Questa storia si può leggere attraverso gli oggetti e le tele presenti al Rijksmuseum di Amsterdam. Dal gigantesco Banchetto di celebrazione della firma del trattato di pace di Munster a opera di Bartholomeus van der Helst del 1648 all’imperdibile Compagnia del capitano Frans Banning Cocq nota come La ronda di notte di Rembrandt van Rijn del 1642. Un ritratto delle guardie civiche della compagnia degli archibugieri in movimento, emozionante e spettacolare. Un capolavoro.

Ma è un altro il dipinto di cui vorrei argomentare. Si tratta de I corpi dei fratelli De Witt del 1672-1675 attribuito a Jan de Baen. Un dipinto vertiginosamente sanguinario, al limite dell’inguardabile.

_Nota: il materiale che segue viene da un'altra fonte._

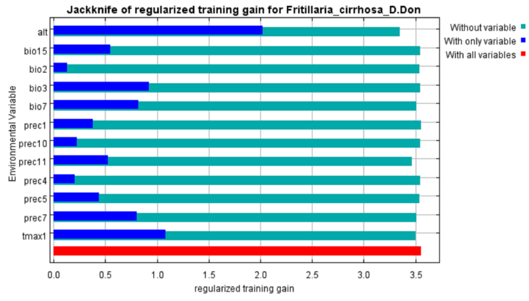
Figure 3: Jackknife of regularized training gain for F. cirrhosa D. Don.

Fritillaria cirrhosa D. Don thrives in cold and wet areas with high altitude. Alt, tmax1, and prec7 were finally determined as the most important environmental variables based on the results of the jackknife test and the biological characteristics of F. cirrhosa D. Don.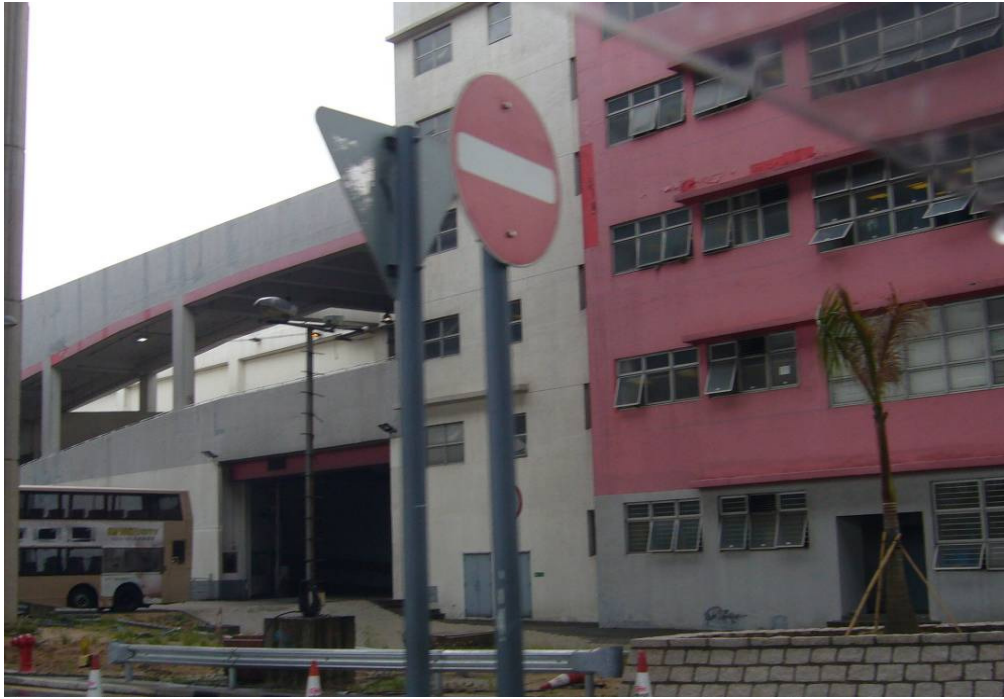
LOCATION 5 KOWLOON MOTOR BUS DEPOT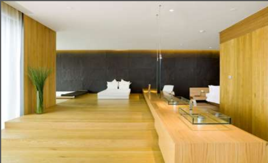
Studio 115(2 units)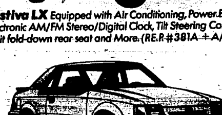
Festiva LX Equipped with Air Conditioning, Power Brakes, AM/FM Stereo, 5-Speed Transmission, Tilt-Turn Point, Styled Steel Wheels, Cloth Bucket Seats, Digital Clock and More. (P.E.#301A + A/C)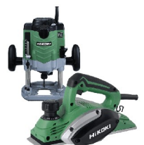
Planing / Routing Tools

MODELS FOR REFERENCE ONLY , TO KNOW MORE ABOUT THE ABOVE PRODUCTS PLEASE CALL US OR VISIT OUR SHOWROOM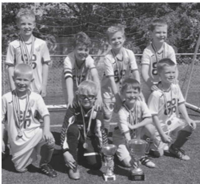
The double winning Sedgefield Youth FC U8 team with their trophies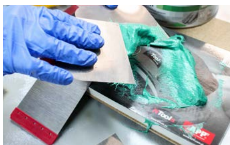
Mixing of putty with curing agent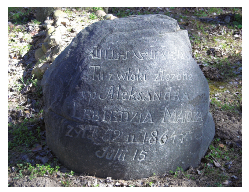
FIGURE 5.14 Kruszyniany – grave of a Muslim Tatar in the rank of major (1864); Polish text below Arabic religious inscription NALBORCZYK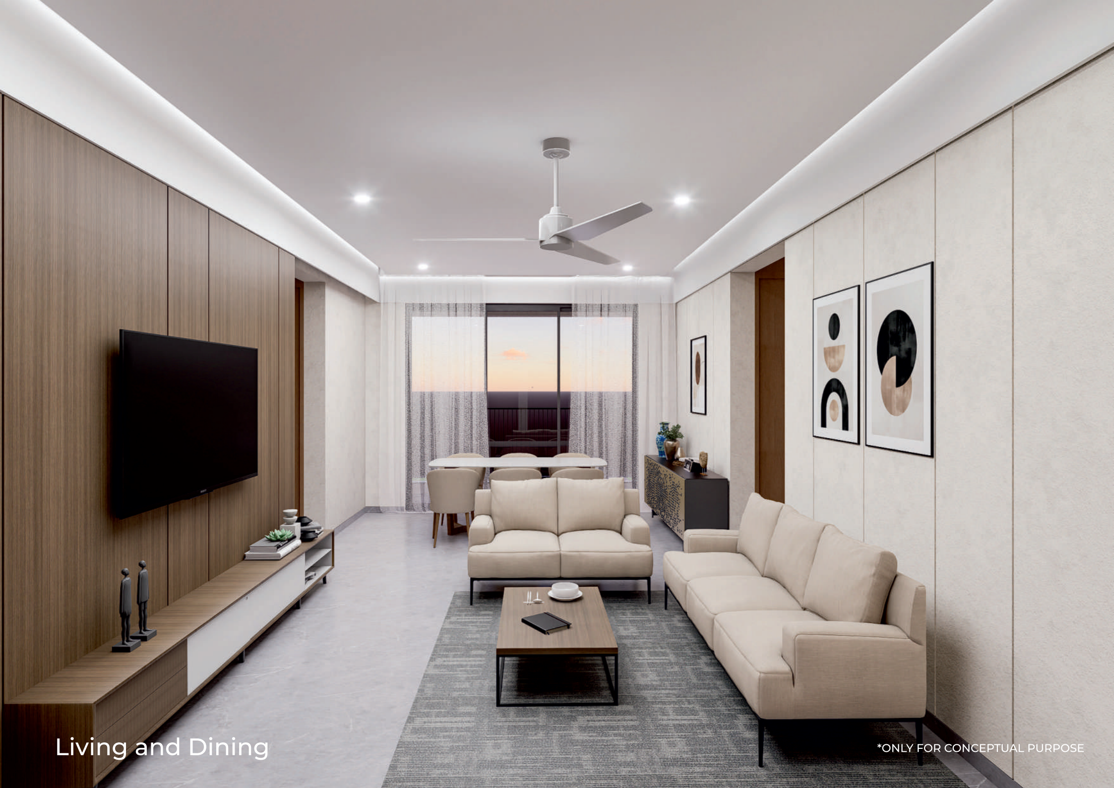
Living and Dining

Vediamo chi sono i protagonisti. Jan de Baen, o Johannes de Baan, (1633-1702) nasce ad Haarlem; all’età di tre anni, dopo la morte dei genitori, viene affidato allo zio Piemans, pittore. Alla morte di quest’ultimo a 13 anni va ad Amsterdam per lavorare nello studio di Jacobus de Backer. Si trasferisce all’Aia e diviene membro della Corporazione dei pittori di San Luca. De Baen è conosciuto soprattutto come ritrattista e per questo viene invitato in Inghilterra e nel Lussemburgo. Suoi i ritratti di Henri de la Trémoille, dell’ammiraglio Tromp, di Thaddeus de Lantmann, dei principali esponenti della casata di Nassau e vari ritratti dei fratelli Johan e Cornelis de Witt.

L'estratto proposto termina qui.